In [1]:
import pandas as pd
import numpy as np
import sklearn.model_selection as skm
from ISLP import confusion_table
import statsmodels.api as sm
from sklearn.preprocessing import StandardScaler

In [2]:
#load the dataset
df = pd.read_csv('dataQTM.csv')

#create X and y, drop the empty column
y = df[['diagnosis']]
X = df.drop(['diagnosis', 'id', 'Unnamed: 32'], axis=1).astype('float64')

In [3]:
#use the 13 predictors that has the best results in backward subset selection
X = X[['compactness_mean', 'concave points_mean', 'radius_se', 'smoothness_se', 'concavity_se', 'concave points_se', 'radius_worst', 'texture_worst', 'area_worst', 'concavity_worst', 'symmetry_worst', 'fractal_dimension_worst']]
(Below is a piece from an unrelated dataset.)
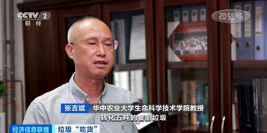 华中农业大学生命科学技术学院教授 张吉斌:转化5吨的餐厨垃圾,可以产生1吨的鲜虫,产生大概2吨左右的昆虫虫肥,实现零排放,而且把它变废为宝,可以实现绿色循环的产业链。

#split X: trainning size 70% and testing size 30%
X_train, X_test, y_train, y_test = skm.train_test_split(X, y, train_size=0.7, random_state=123)

#add constant
X_train = sm.add_constant(X_train)

#change B to be 0 and M to be 1
y_train['diagnosis'] = y_train['diagnosis'].replace({'B': 0, 'M': 1})

#build a logit model
logit_model = sm.GLM(y_train, X_train, family=sm.families.Binomial())

In [4]:
!pip3 install ISLP
from ISLP.models import summarize

#fit the logit model and print a summary
fitted_model = logit_model.fit()
summarize(fitted_model)



Unnamed: 0,coef,std err,z,P>|z|
const,-30.4565,14.542,-2.094,0.036
compactness_mean,-49.7076,34.263,-1.451,0.147
concave points_mean,83.3484,58.551,1.424,0.155
radius_se,9.5727,3.816,2.508,0.012
smoothness_se,345.1333,264.126,1.307,0.191
concavity_se,-146.3706,75.458,-1.94,0.052
concave points_se,243.2589,269.317,0.903,0.366
radius_worst,-0.7451,1.623,-0.459,0.646
texture_worst,0.3329,0.091,3.669,0.0
area_worst,0.021,0.016,1.282,0.2


In [5]:
#add constant to X_test
X_test = sm.add_constant(X_test)

#change B to be 0 and M to be 1
y_test['diagnosis'] = y_test['diagnosis'].replace({'B': 0, 'M': 1})

In [6]:
#predict y values with the fitted logit model
y_pred = fitted_model.predict(X_test)

#if the predictted value is greater than 0.5, then assign it to 1
y_pred_class = (y_pred > 0.5).astype(int)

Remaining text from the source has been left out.